When our train broke into daylight out of the subway, I was surprised 
how vast this place is! It looks to be something like 1 by 1/2 
kilometer in area. 
On the high sea 
 -------------
    This shop illustrates one of the weird features of cargo railroads 
in New York City. They are isolated from the rails west of the Hudson 
River. Passenger rails cross the river thru Penn Station but no 
freight trains are allowed on them. 
    To move rail cargo between Rest of World and the City, the trains 
are sent to a yard to be cut apart into short segments. The segments 
are floated across the river om barges to an other yard, where the 
train is reassembled into its original full length. 
    This system of ferrying trains across the Hudson is the 'car 
float' system. It's not unique to the City but New York has far and 
away the largest and best developed car float in the country. Each 
year about 150,000  cargo cars are floated across Hudson River by the 
several depots on the New York side and the one depot in Greenville, 
on the New Jersey side. 
    When subway cars are transferred to or from the transit property, 
they travel by car float from the 207th Street, or at Sunset Park, 
shops. There we saw on the banks of the Harlem River the car float 
terminal, a veritable ferry slip, complete with the hooks and pulleys! 
It could have been for motor vehicles except that tracks led up to it. 
    The barge has rails on it to line up with those on land, so the 
rail cars can be rolled on or off. On the barge the car wheels are 
chocked. Tugboats move the barge to the Greenville terminal. 
Next stop, Davy Jones' locker
 --------------------------- 
    The car float at 207th Street was dormant during our trip. It's 
only once in a while that subway cars move on or off the property. 
However, in this 21st century the car float was in heavy use for a 
really strange mission. 
    In 2000-2004 the entire fleet of oldest cars for the IRT lines was 
replaced by brand new vehicles. The old ones, called Redbirds from 
their dark red paint scheme, were sent to Davy Jones' locker. 
    Seriously, I'm not making this up.
    The cars were brought to the 207th Street shops, cleaned and 
stripped of obnoxious materials, then loaded on the barges. They were 
towed to offshore sites up and down the East Coast to be dumped 
overboard! When settled on the ocean floor, they become havens for 
reefs. Within months, the cars host new colonies of coral, fish, and 
other sealife. Divers now explore the cars like underwater caves. 
    In all, thru the last of the Redbirds in summer 2004, some 1.100 
old IRT cars were 'reefed'. They sit off New Jersey, Maryland, 
Delaware, and South Carolina. 
Apartheid?!?! 
 -----------
    You quickly learn after riding the New York subway for a few 
months that the cars on the IRT are distinct from those on the IND and 
BMT. The most obvious distinction between the two phyla of car is 
their width, length, and doors. 
    IRT cars are about 2.7 meters wide; IND/BMT, 3. IRT cars are all 
about 15 meters long with three doors on each side; IND/BMT, 18 to 23 
with four. With the both sets of car side by side on the yard tracks, 
these distinctions are all the more vivid. 

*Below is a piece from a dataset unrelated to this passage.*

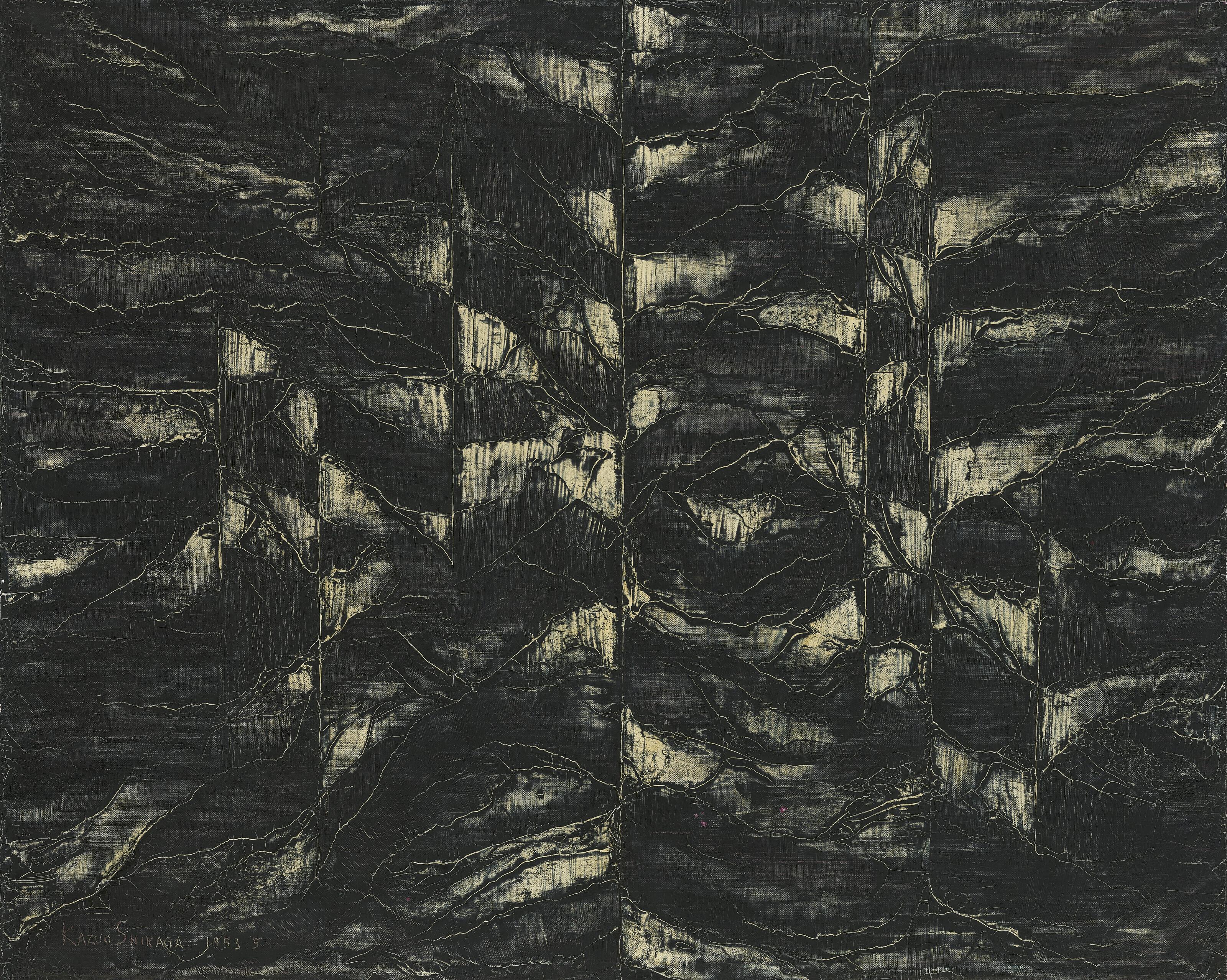 signed and dated ‘KAZUO SHIRAGA – 1953.5’ (lower left); signed and dated in Japanese (on the reverse on a label)

    The reason for this separated development is the stuff of urban 
legend. It's really quite simple. The tunnels of the IRT, built under 
19th century norms of railroading, are narrower and the curves are 
tighter than on the BMT or IND. The latter two networks were built in 
the 20th century with more ample clearances. Cars made for the latter 
tunnels and turns will not fit into the IRT. 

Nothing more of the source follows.